On the job site we had a painter that called himself Stroker. and on the side of his work truck he had, Master Stroker Painter.
He pointed out that two young people stoped at the red lights and were killing themselves laughing at him about the sign on the ute.

Every one knows he is a Master Painter. but they call him Master Stroker.

But when he got the Sign done on the new ute, it was to be Stroker Master Painter.

He was the best masterful painter i have ever known, he could do the work of 3 men and only a little old bloke.
All supervisors totaly hated him for being so good and quick, so they would do the wrong thing by him. and he hated that and would yell abuse at them directly even across the street, real funny to see him let loose on them, that they would never be in the house with him.

We had a black fellow sparky on the job and him and Stroker played jokes on each other.
This black fellow looked just like M Tyson same build and all, Stroker would come out with outright full on racist remarks to Sparky ! and Sparky loved it, he would be laughing full on rolling on the floor, and saying where he came from Papua New Guinea, they would of killed him for saying such !
Stroker would see Sparky coming down the road and yell out, you black ---- ! and sparky would hit the hand brake and start to jump out but take off again. and i seen 2 new workers on the job site next door and the look on their face was that they thought stroker was going to be killed !
Sparky was a real good bloke ! we have porter loo's on the job and sparky seen stroker going into one and drove his car up on to on the door and walked away, HAHA ! That was funny as and a hot day.

So stroker said he will get back at him for that ! and asked me for some fire crackers.
So sparky was having lunch and stroker sneeking up and tossed one in through the window.
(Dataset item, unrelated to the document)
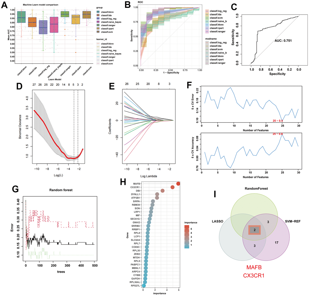 Based on the potential feature genes, seven machine learning algorithms were applied to construct models and evaluate diagnostic performance (Figure 6A). It is worth noting that the support vector machine (SVM) algorithm showed the best performance in the training set (Figure 6B), with an AUC of 0.751 in the external validation set (Figure 6C). Next, we selected three machine learning algorithms to further screen for key feature genes of NAFLD. LASSO regression was performed using the aforementioned 30 genes as input, resulting in 5 genes (Figure 6D, 6E). We filtered 25 genes using the SVM algorithm (Figure 6F) and 5 genes using the Random Forest algorithm (Figure 6G, 6H). Finally, we exploit the intersection of these gene sets to identify the optimal diagnostic genes for NAFLD: MAFB and CX3CR1 (Figure 6I).

I seen him do it.

Another time i seen sparky grab stroker by the bottom of his legs and yank real hard, as stroker was standing painting on top of the kitchen table and stroker got such a shock, that he put his head through the ceiling !
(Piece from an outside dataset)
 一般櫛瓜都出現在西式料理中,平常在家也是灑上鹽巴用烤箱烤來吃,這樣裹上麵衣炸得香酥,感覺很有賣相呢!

Stroker was telling me a story about himself when young working at a cookie factory but was their painting the building and all of the workers were women in this factory, well i can not tell you what he did but anyway the girls got him and put him on display dragging him through all of the place on the floor so everyone would see him. he said their are some big girls in their you know.
You have to see this bloke tho he is say 5ft4 and 50kg. he was so great to be with but he was not stupid or evil, but just up for fun.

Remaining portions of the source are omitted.